### MATERIALS PROVIDED

=== Section Start ===

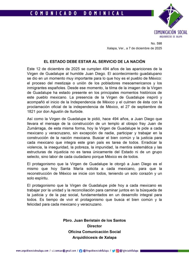 El Estado debe estar al servicio de la Nación: Arquidiócesis de Xalapa diciembre 7, 2025 FacebookTwitterWhatsAppTelegram
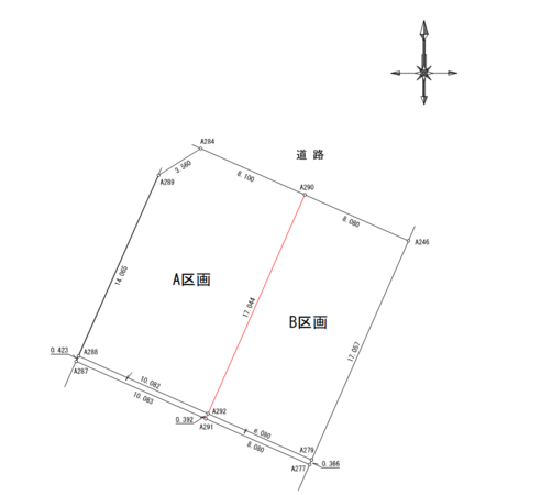 | 容積率 | 150% | 接道状況 | A区画…北側公道幅員約5mに約8.1m接道する B区画…北側公道幅員約5mに約8m接道する |
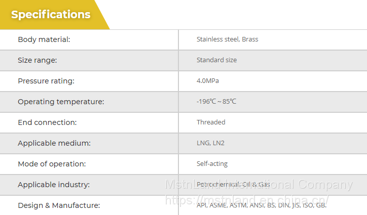 MstnLand's series of cryogenic gas relief valve is used as an ultrahigh pressure protection device for the low temperature storage tank, tanker and tank car, and the Cryogenic relief valve will be placed in a timely manner to ensure the safety and protection of the storage equipment and the person when the equipment or pipe pressure exceeds the prescribed pressure.
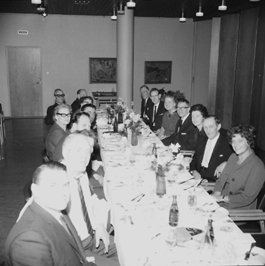 Rumsinteriör, grupp vid bordet. Personalklubben uppvaktar, Majgren avtackas.
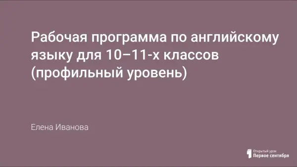 Рабочая программа по английскому языку для 10–11-х классов (профильный уровень)
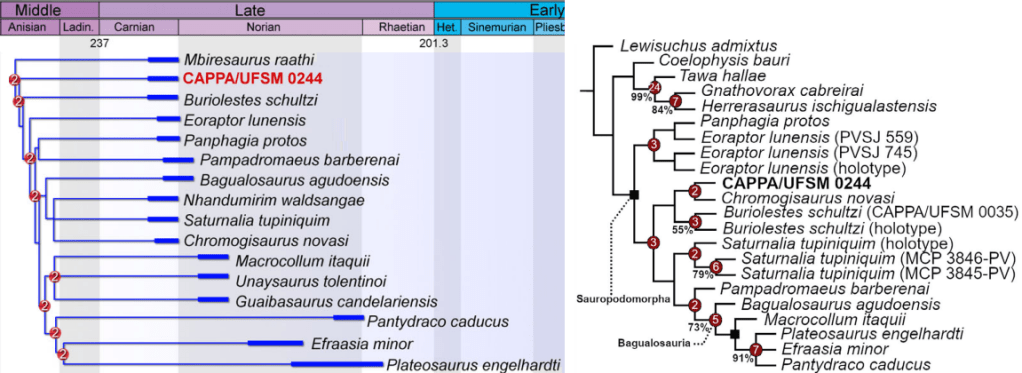 Les analyses phylogénétiques de Moro et ses collègues placent CAPPA/UFSM 0244 comme un sauropodomorphe basal proche de Buriolestes et de Mbiresaurus, ou bien proche de Buriolestes et de Chromogisaurus. Les comparaisons morphologiques montrent que CAPPA/UFSM 0244 partage plusieurs caractères autapomorphiques avec Buriolestes.
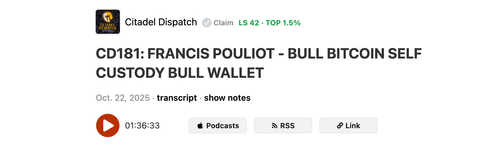 Francis is the Founder of Bull Bitcoin, a Canada first globally expanding bitcoin brokerage service. They recently launched their own self custody mobile wallet on iOS and Android: Bull Wallet.
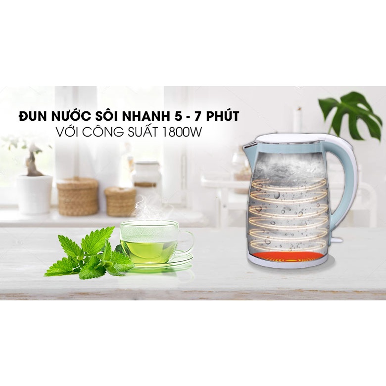 Công suất 1800W, mâm nhiệt phẳng giúp đun nước sôi chỉ trong 5 - 7 phút

=== Section End ===

### TASK DETAILS
Starting from the line containing "A区画…北側公道幅員約5mに約8.1m接道する B区画…北側公道幅員約5mに約8m接道する |", repeat each line exactly through the end of the entries, including the last, while leaving pictures out.

### ANSWER SECTION
 | 容積率 | 150% | 接道状況 | A区画…北側公道幅員約5mに約8.1m接道する B区画…北側公道幅員約5mに約8m接道する |
 MstnLand's series of cryogenic gas relief valve is used as an ultrahigh pressure protection device for the low temperature storage tank, tanker and tank car, and the Cryogenic relief valve will be placed in a timely manner to ensure the safety and protection of the storage equipment and the person when the equipment or pipe pressure exceeds the prescribed pressure.
 Rumsinteriör, grupp vid bordet. Personalklubben uppvaktar, Majgren avtackas.
 Рабочая программа по английскому языку для 10–11-х классов (профильный уровень)
 Les analyses phylogénétiques de Moro et ses collègues placent CAPPA/UFSM 0244 comme un sauropodomorphe basal proche de Buriolestes et de Mbiresaurus, ou bien proche de Buriolestes et de Chromogisaurus. Les comparaisons morphologiques montrent que CAPPA/UFSM 0244 partage plusieurs caractères autapomorphiques avec Buriolestes.
 Francis is the Founder of Bull Bitcoin, a Canada first globally expanding bitcoin brokerage service. They recently launched their own self custody mobile wallet on iOS and Android: Bull Wallet.
 Công suất 1800W, mâm nhiệt phẳng giúp đun nước sôi chỉ trong 5 - 7 phút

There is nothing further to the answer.